Он ринулся в битву, – Бхима, Волчье Брюхо[125], –

 

Как лев на слона. Велика его злоба!

Карна и Дуръйодхана видели оба:

 

Напал на Духшасану, мощью обильный,

Потом с колесницы он спрыгнул, и пыльной

 

Тропою пошел, и уставил он дикий

Свой взгляд на поверженном сыне владыки,

 

И, меч обнажив, наступил он на горло

Духшасаны: тень свою гибель простерла!

 

Он грудь разорвал его, местью объятый,

И крови испил он его тепловатой.

 

Он сына, о царь, твоего обезглавил,

И голову ту покатиться заставил. –

 

Исполнил он клятву, – явился с расплатой,

И крови испил он его тепловатой.

 

И пил, и смотрел он, и пил ее снова.

С волненьем воинственным выкрикнул слово:

 

«Теперь я напиток узнал настоящий!

О, ты молока материнского слаще,

 

Ты меда хмельнее, ты масла жирнее,

О кровь супостата, – всего ты вкуснее!

 

Я знаю, – ты лучше божественной влаги,

О кровь, что добыта на поле отваги!»

 

И, вновь твоего озирая потомка,

Чья жизнь отошла, – рассмеялся он громко:

 

«Что мог, то и сделал я в этом сраженье.

Лежи, ибо в смерти обрел ты спасенье!»

 

Казалось, той крови вкусил он с избытком.

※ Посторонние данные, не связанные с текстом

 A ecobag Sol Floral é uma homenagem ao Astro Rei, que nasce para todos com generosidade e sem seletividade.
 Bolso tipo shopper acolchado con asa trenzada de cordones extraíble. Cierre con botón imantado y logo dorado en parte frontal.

На мужа, довольного страшным напитком,

 

Смотрел неприятеля стан оробелый.

Иные решились метнуть свои стрелы,

 

Другие, в смятении выронив луки,

Застыли, к земле опустив свои руки,

 

А третьи, с закрытыми стоя глазами,

Кричали испуганными голосами!

 

Бхима, напоенный напитком кровавым,

Погибельный ужас внушал кауравам:

 

«О нет, не дитя человечье, а дикий

Он зверь!» – отовсюду их слышались крики.

 

Бхима, пьющий кровь, убежать их заставил.

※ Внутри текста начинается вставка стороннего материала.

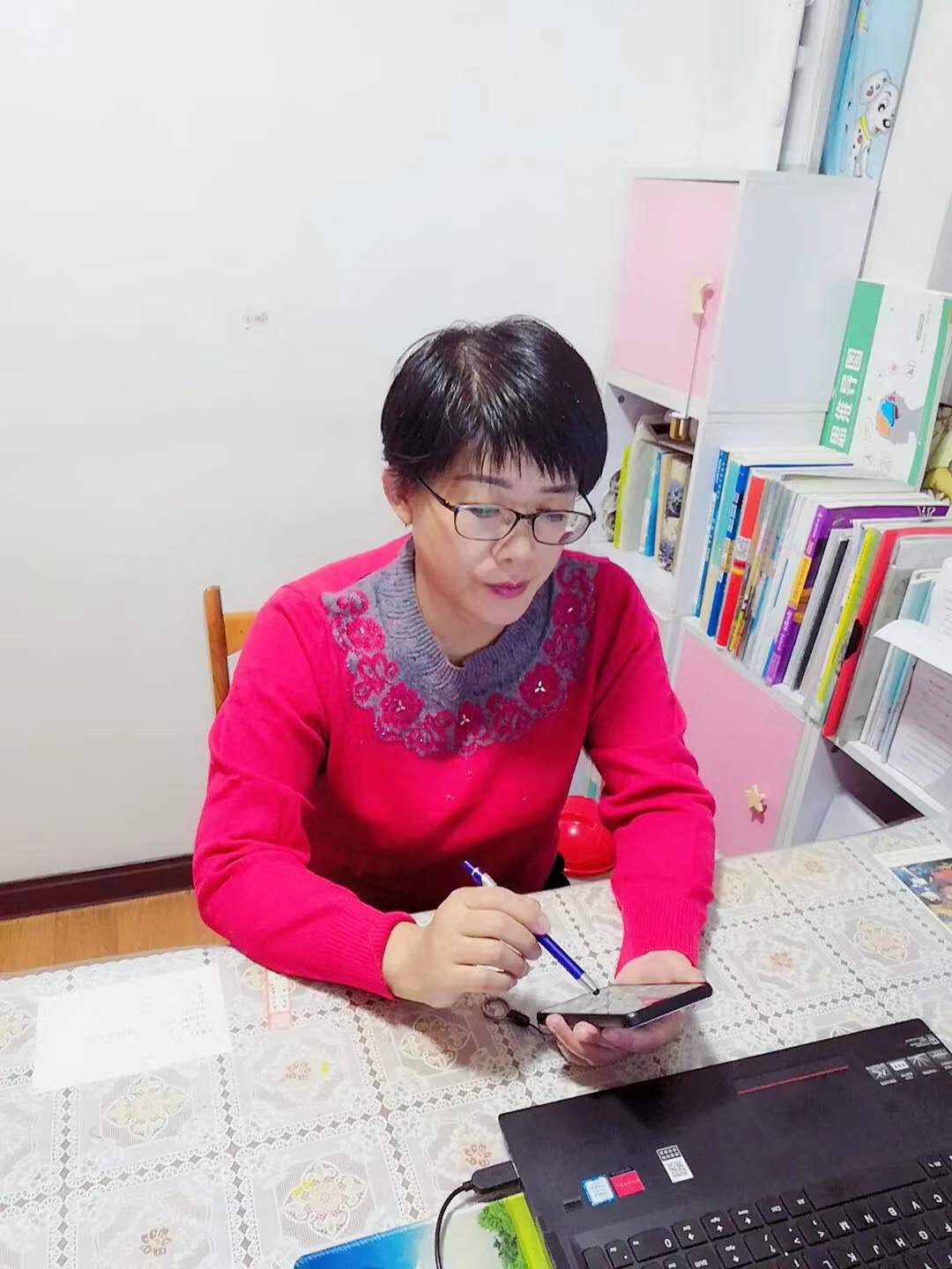 “从紧张焦虑到从容应对”,谈到自己首次在线授课感受,秦秋老师如是说。“资料上传的地方对不对?有没有点保存?学生那边能不能正常打开?虽然之前也多次参加培训,但毕竟是第一次上网课,别提有多紧张了!甚至睡觉之前都会插上耳机听讲课。”为了上好第一课,秦秋老师做了充分准备:设置针对性话题,精心编辑讲授内容,增加相关练习,QQ群里发送内容小结……“随着课程的顺利开展,面对学生纷纷给出的“比心”表情,最初的紧张变成了应对学生提问的从容和学生收获知识的喜悦。

Читра́сена, сын твой, бегущих возглавил.

 

Кричали: «Чудовище сей Бхимасена,

Он – ра́кшас, и он – трупоед, несомненно!»

 

Юдха́манью, витязь, привыкший к победам,

Пандавов умчал за Читрасеной следом.

 

Летел он, как вихрь, за его колесницей,

Пронзил его стрелами – острой седмицей.

 

Читрасена, словно змея извиваясь,

Как яд, заключенный в змее, извергаясь,

 

Метнул три стрелы, – и летящая сила

Юдха́манью вместе с возничим пронзила.

 

Тогда-то, исполнен отважного духа,

Из лука, натянутого вплоть до уха,

 

Юдхаманью, ожесточенный бореньем,

Стрелу, удивлявшую всех опереньем,

 

О раджа, в Читрасену метко направил,

Царевича острой стрелой обезглавил.

 

Карна, потрясен этой смертью нежданной,

С воинственным гневом, с отвагою бранной,

 

Пандавов погнал, проявляя упорство,

И с Накулой начал он единоборство.

 

А тот, кому были победы не внове,

Кто снова пригоршню попробовал крови,

 

Духшасану смерти предав, – Бхимасена

Сказал: «Посмотри, из презренных презренный, –

 

Я пью твою кровь! Не забыл я и крика:

«Эй, буйвол!» – кричал ты мне. Ну, повтори-ка!

 

«Эй, буйвол!» – крича, вы плясали на нашем

Позорище… Ныне мы сами попляшем!

 

Мы ложе забудем ли в Праманако́ти,

И яд, что вкушали от вас, плоть от плоти,

 

И в кости игру, страшный проигрыш царства,

И тяготы наши в лесу, и мытарства,

 

И змей нападенье, и дым пепелища –

Коварный поджог смоляного жилища,

 

И то, как Духшасана, подлости ради,

За волосы нашу хватал Драупади,

 

И стрелы, из луков летящие сдуру,

И горе пандавов, и смерть в доме Куру…

 

Мы счастья не знали! Мы счастья не знали!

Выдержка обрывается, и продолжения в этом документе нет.